I have noticed during the time that I was a member of the military that certain obstacles were tougher for women to negotiate because a woman typically lacks the upper body strength that a man has.
Upper body strength might not matter much during combat because the women who have been involved in firefights have performed admirably.
The military services have launched an extensive effort to verify the specific physical requirements needed to succeed in each of dozens of fields that had been closed to women.
The requirements for brief combat encounters such as firefights is different from then physical endurance needed for extended periods of combat.
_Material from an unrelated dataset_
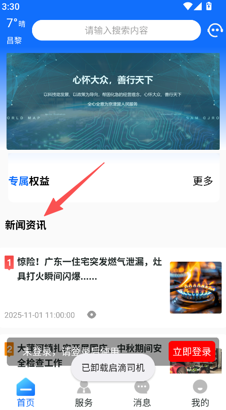 《昌黎市民通》是一款服务昌黎市民的综合类软件,设有搜索功能可输入内容查找信息,包含专属权益板块及新闻资讯板块,新闻资讯涵盖燃气安全事件、燃气行业新动态等实用内容,还划分首页、服务、消息、我的等功能板块,助力市民获取生活信息,了解安全知识及行业动态,满足日常信息查询与服务使用的多元需求。

I know that troops typically don't have much time for actual physical training during the initial phase of deployment. they may have to wait for months for actual combat to begin which means that they will have lost much of their physical strength and endurance.
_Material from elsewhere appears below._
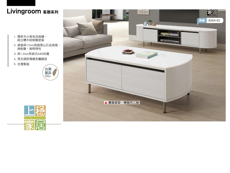 環保木心板包含抽牆 經立體木紋耐磨塗裝 桌面採12mm亮面雪山石岩板面 具耐磨耐熱特性

In the past, the debate over women in the infantry and other combat-arms fields had centered on questions of privacy or the impact on discipline of having men and women share foxholes. That may prove to be a problem but if so it won't be anything different than what the military has already seen.
Units typically have problems like this on every deployment whether the troops happen to be in combat units or not.
The military will probably do a serious job of reevaluating standards for combat troops and what they actually need to be able to do. They will also have to insure that training and tests are not biased to give males any type of unfair or unjustified advantage.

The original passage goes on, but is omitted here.